Exactly and only the lines from the first entry through the line with "衬衫 纯棉高端长袖 女白色系带设计感小众娃娃领上衣 春季 沈梦辰同款" should be copied, both ends included, with no pictures.

─── RECORDS TO PROCESS

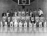 The Clark University men's basketball team group photograph led by Coach Wally Halas, circa 1983-1984.
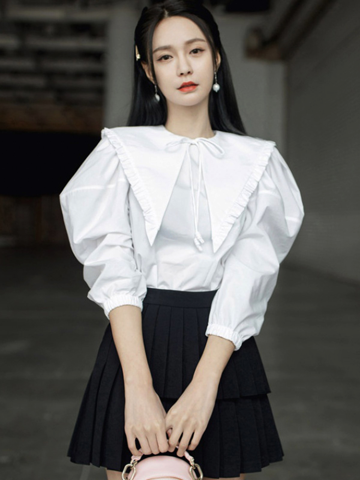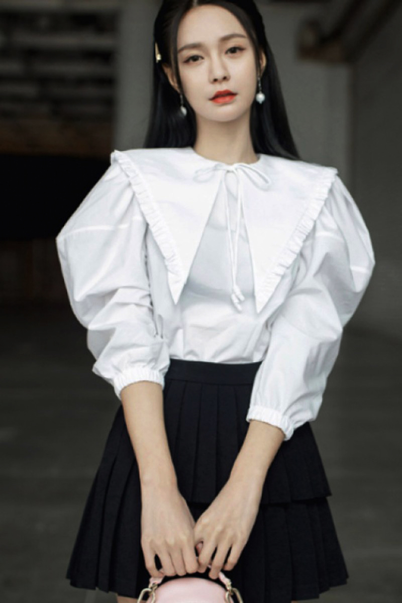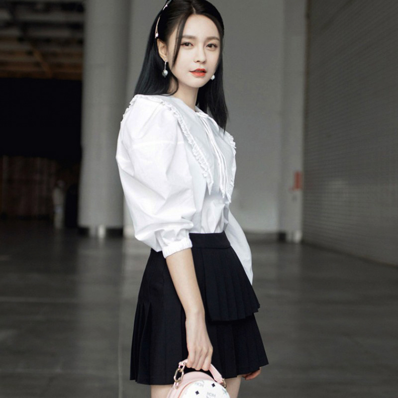 衬衫 纯棉高端长袖 女白色系带设计感小众娃娃领上衣 春季 沈梦辰同款
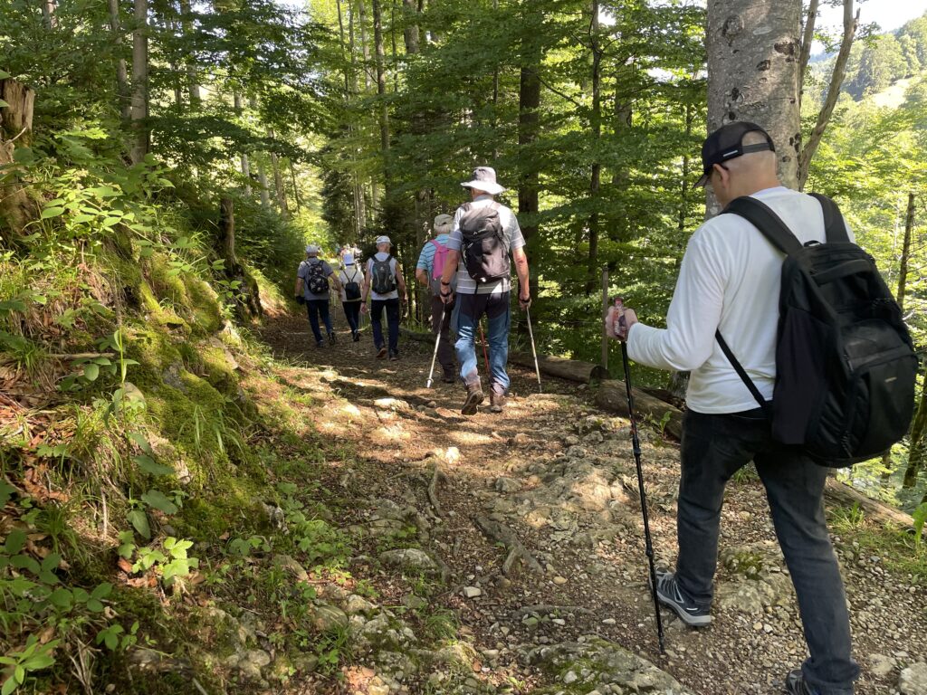 Bei der heutigen Wanderung hätte man die Variante kurz mit rund 7 km wählen und bereits in Nesslau in den Zug steigen können. Nach dem stärkenden Picknick sind aber alle motiviert bis Krummenau weiterzuwandern. Die Mehrheit besteigt dort nach gut 10 km Gesamtdistanz den Zug. Beim Zwischenhalt in Wattwil, gönnen sie sich im «Madlen’s Café» kulinarische Köstlichkeiten, bevor sie gegen 15.30 Uhr die Heimreise antreten.
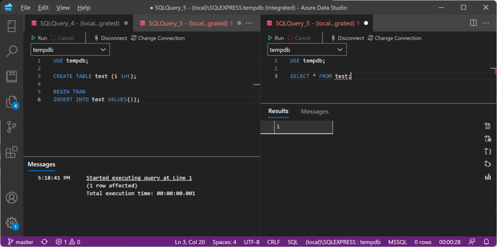 Querying the target table, you can see that the “sql” column contains data from both events, achieving the same result as the merged column in SSMS:
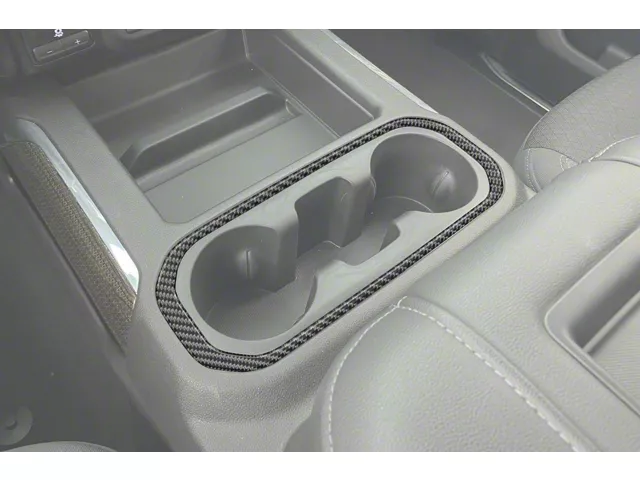 Refined Interior Enhancement. Upgrade your Silverado's cabin with this Forged Carbon Fiber Center Console Cup Holder Surround Accent Trim. The unique carbon fiber finish delivers a bold and modern aesthetic, elevating the look of your interior. Designed with precision, it fits perfectly around the cup holder area, offering a high-end appearance that complements your truck’s existing features.
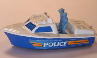 Body: white deck, blue hull, hatch on roof, light blue figures, blue POLICE deco
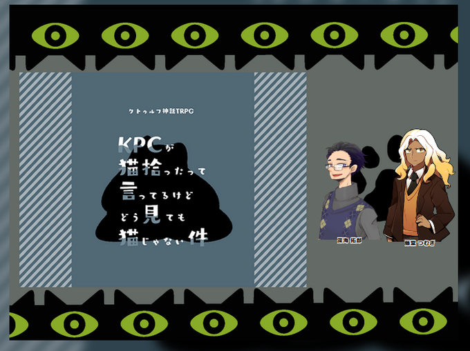 CoC「KPCが猫拾ったって言ってるけどどう見ても猫じゃない件」 KP/すゐち PL/sitohさん 今日は影よ!組で猫と戯れます! おっさん二人でがんばるぞーーーー! いってきまーす!
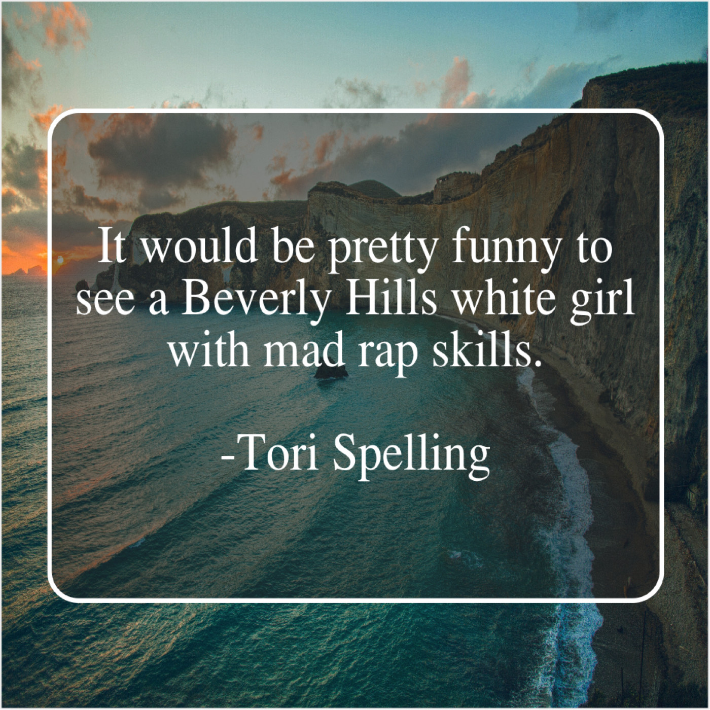 Tori Spelling Tori Spelling – It would be pretty funny… December 21, 2018 admin “It would be pretty funny to see a Beverly Hills white girl with mad rap skills.”-Tori Spelling
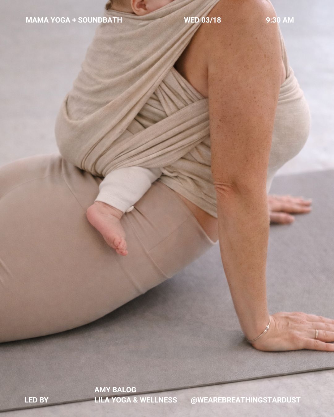 All babies must remain secured in carrier throughout the practice. This allows for a smooth, connected flow and ensures a grounded, supported environment for all participants.
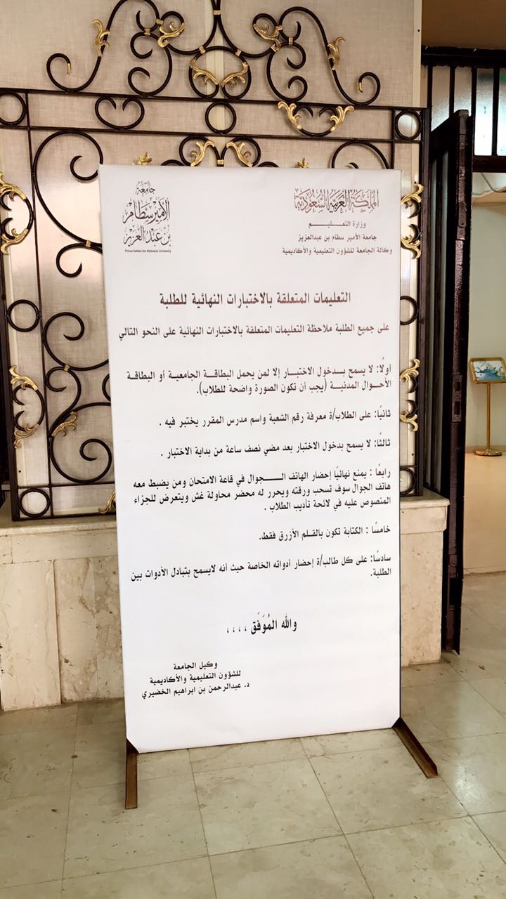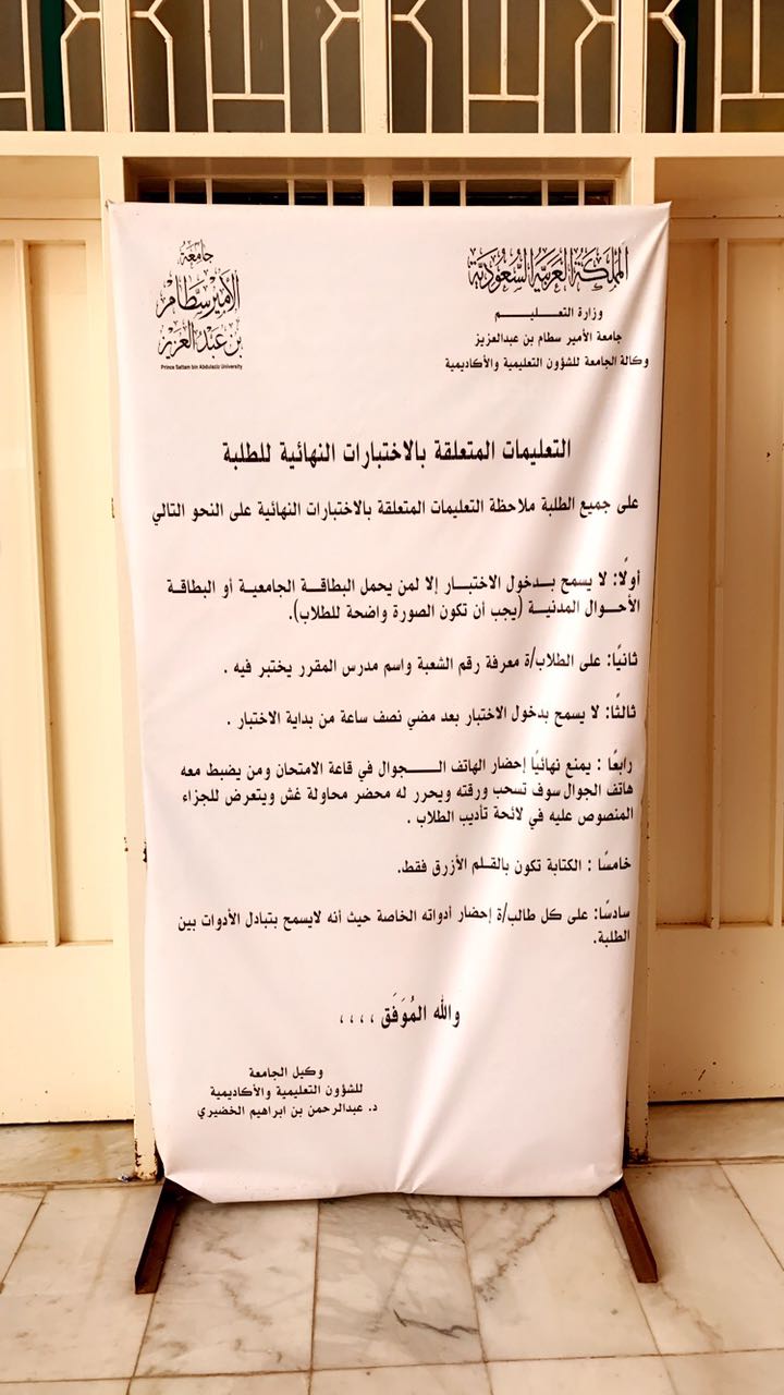 هذا وقد تم تزويد الطالبات بأهم التعليمات الأساسية المتعلقة بالاختبارات من خلال البنرات وإعلانات الحائط قبل الاختبارات.
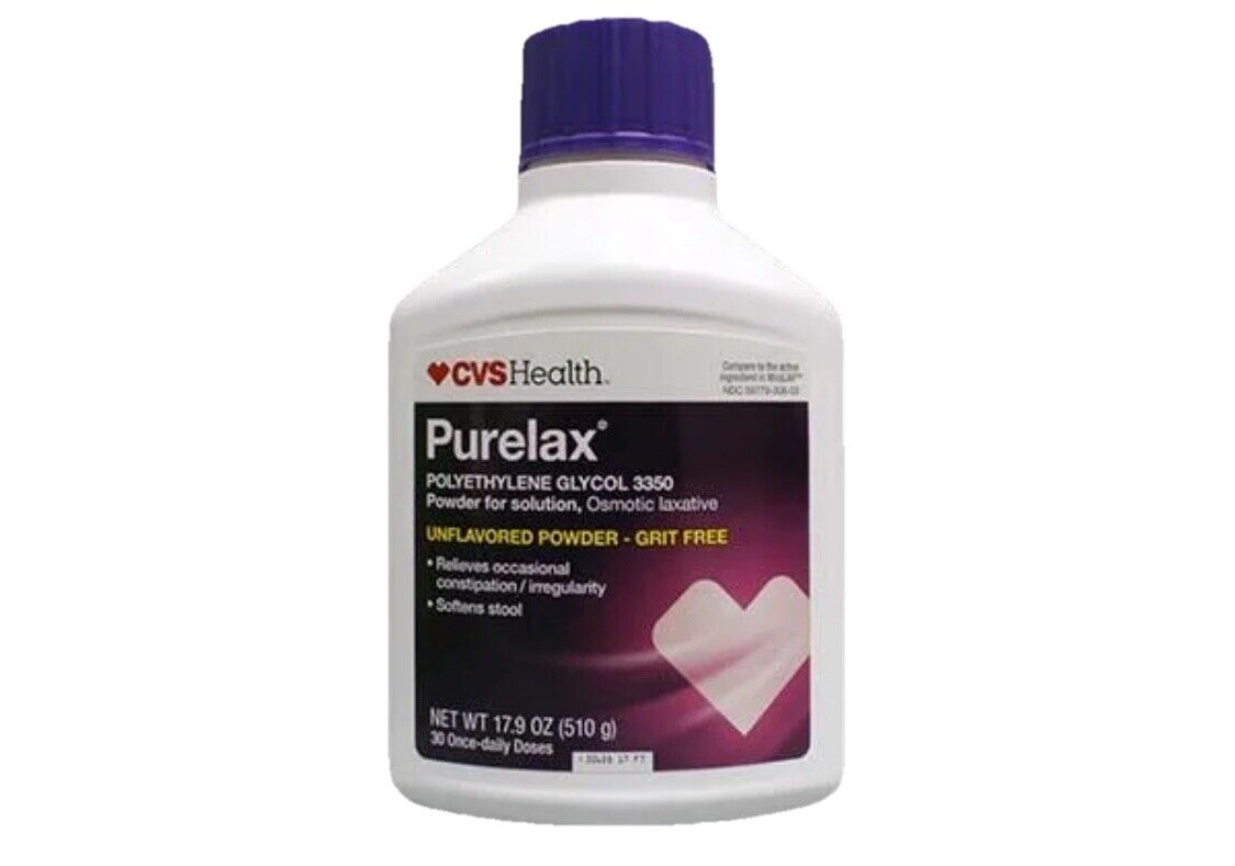 Sugar Free Dissolves in Any Beverage Peel Kere Cvs Healthtm Purelax® Increases Frequency of Bowel Movements and Softens the Stool. Drug Facts Active Ingredient (in Each Dose) Polyethylene Glycol 3350, 17 G (Cap Filled to Line)... Purpose ....Osmotic Laxative Use Relieves Occasional Constipation (Irregularity) Generally Produces a Bowel Movement in 1 to 3 Days Warnings Allergy Alert: Do Not Use If You Are Allergic to Polyethylene Glycol Do Not Use If You Have Kidney Disease, Except Under the Advice and Supervision of a Doctor Ask a Doctor Before Use If You Have Nausea, Vomiting or Abdominal Pain a Sudden Change in Bowel Habits That Lasts Over 2 Weeks Irritable Bowel Syndrome Ask a Doctor or Pharmacist Before Use If You Are Taking a Prescription Drug When Using This Product You May Have Loose, Watery, More Frequent Stools 2203243 Stop Use and Ask a Doctor If Wyou Have Rectal Bleeding or Your Nausea, Bloating, 0110905 Cramping or Abdominal Pain Gets Worse. These May Be Signs of a Serious Condition. You Get Diarrhea 10/2022 You Need to Use a Laxative for Longer Than 1 Week : 306E 7 B6 #713639 50428 30760
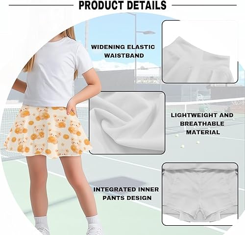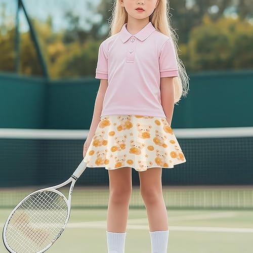 Girls Tennis Skirt with Pockets Shorts High Waist Comfort Athletic Skort for Golf Running School Daily Wear 5-14Y(Bear,11-12 Years)
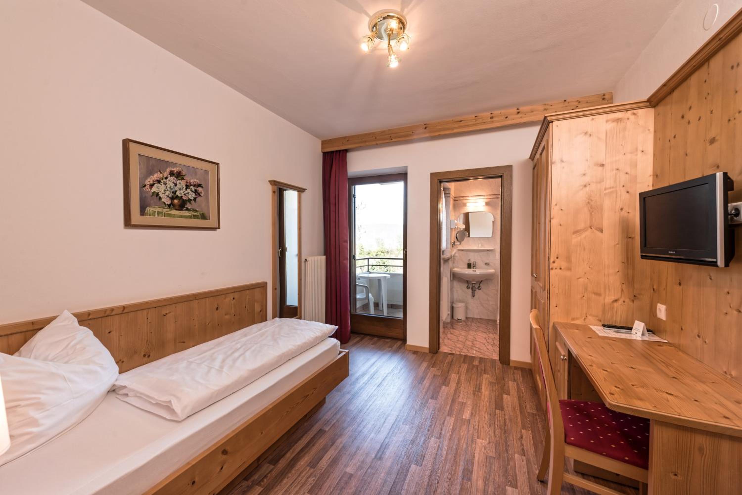 La camera era di dimensioni adeguate, letto matrimoniale comodo, bagno abbastanza grande e uno stupendo balcone fiorito, nel nostro caso con vista sui vigneti lato montagna , con sfondo la chiesa di St.Justina, appunto.. La cura nel dettaglio, nel riordino e la pulizia della stanza, sono degni di nota.
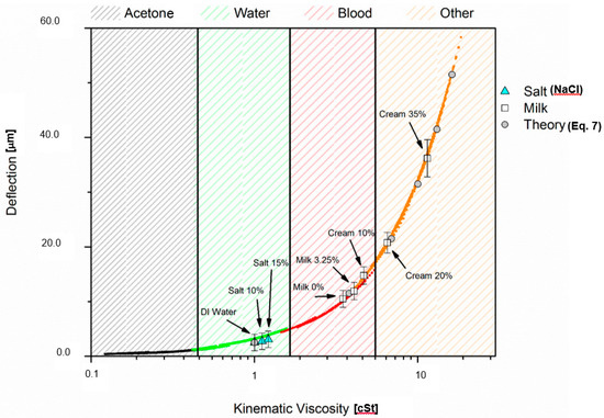Prediction and experiment comparison of deflection behavior for various fluids; different ranges of fluids are indicated with colorful hatching and the cantilever deflection is shown with colorful dots.
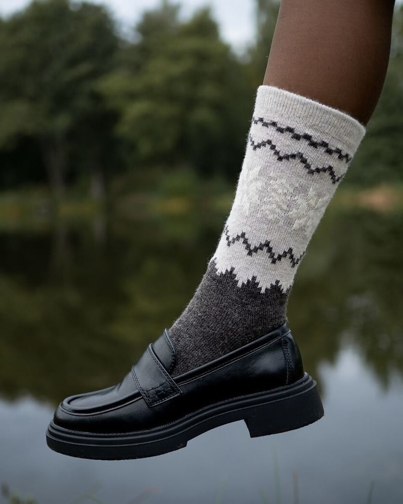 El modelo se distingue por un llamativo estampado invernal que le confiere un aire acogedor. Las costuras planas eliminan el riesgo de rozaduras y un cómodo ribete mantiene el calcetín en su sitio sin presionar. Perfecta para llevar con zapatos altos - ideal para caminar, trabajar o llevar en casa.
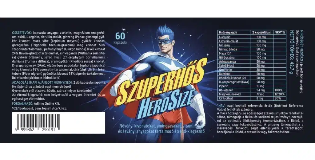 „SZUPERHŐS HERO SIZE kúraszerű potencianövelő kapszula (60 db)” értékelése elsőként
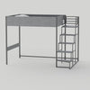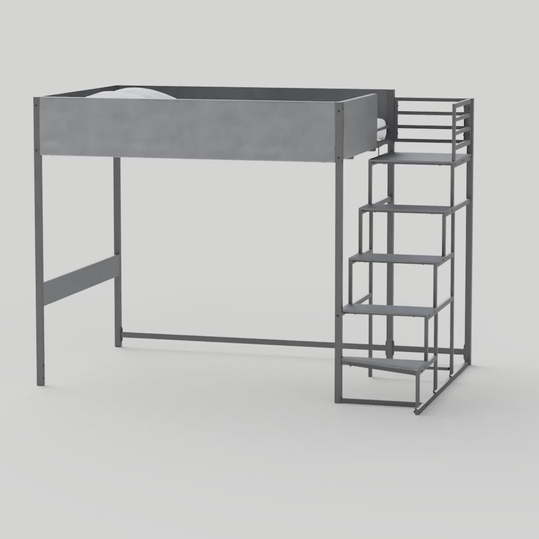 Lit mezzanine avec sommier et escalier réversible en tissu gris, métal gris et mélamine grise - couchage 140x190 cm - DOCKLAND
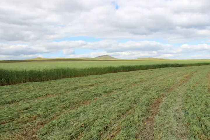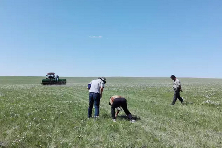 近年來(lái),由于草原退化、草原禁牧,導(dǎo)致烏拉蓋地區(qū)天然草的產(chǎn)量無(wú)法滿足家畜在冬季對(duì)牧草的需求。2015年蒙草團(tuán)隊(duì)進(jìn)入烏拉蓋草原修復(fù)地區(qū),立體分析了當(dāng)?shù)氐闹脖弧⑼寥?、牧草產(chǎn)量等數(shù)據(jù)。研究人員選擇不同品種的一年生與多年生、豆科與禾本科牧草混播的方式建植人工草地。通過(guò)增加土壤氮素和有機(jī)質(zhì)含量,提高牧草蛋白質(zhì)的質(zhì)量。經(jīng)過(guò)一輪的修復(fù)治理后,生態(tài)修復(fù)與牧草業(yè)集成取得了較好的成果。烏拉蓋402畝人工草地共收獲牧草143.5噸,相當(dāng)于當(dāng)?shù)靥烊荒敛莓a(chǎn)量的1.8—4.3倍。扣除成本投入,牧草凈收入為7.7萬(wàn)元。
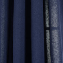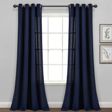 The Faux Linen Grommet Window Curtain Panel Set is sold by the pair and each individual panel measures 84 inches long and 52 inches wide, giving you 104 total inches of total width per set. This set currently available in five color options: dark linen, navy, blue, light linen, and light gray.
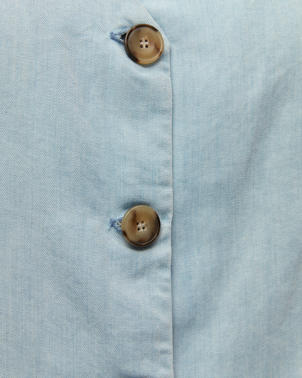 Chaleco de tencel con escote pico. Detalle de costadillos. Cierre con botones en el delantero. Prenda sostenible.

──────

[OUTPUT OF THE EXERCISE]
 The Clark University men's basketball team group photograph led by Coach Wally Halas, circa 1983-1984.
 衬衫 纯棉高端长袖 女白色系带设计感小众娃娃领上衣 春季 沈梦辰同款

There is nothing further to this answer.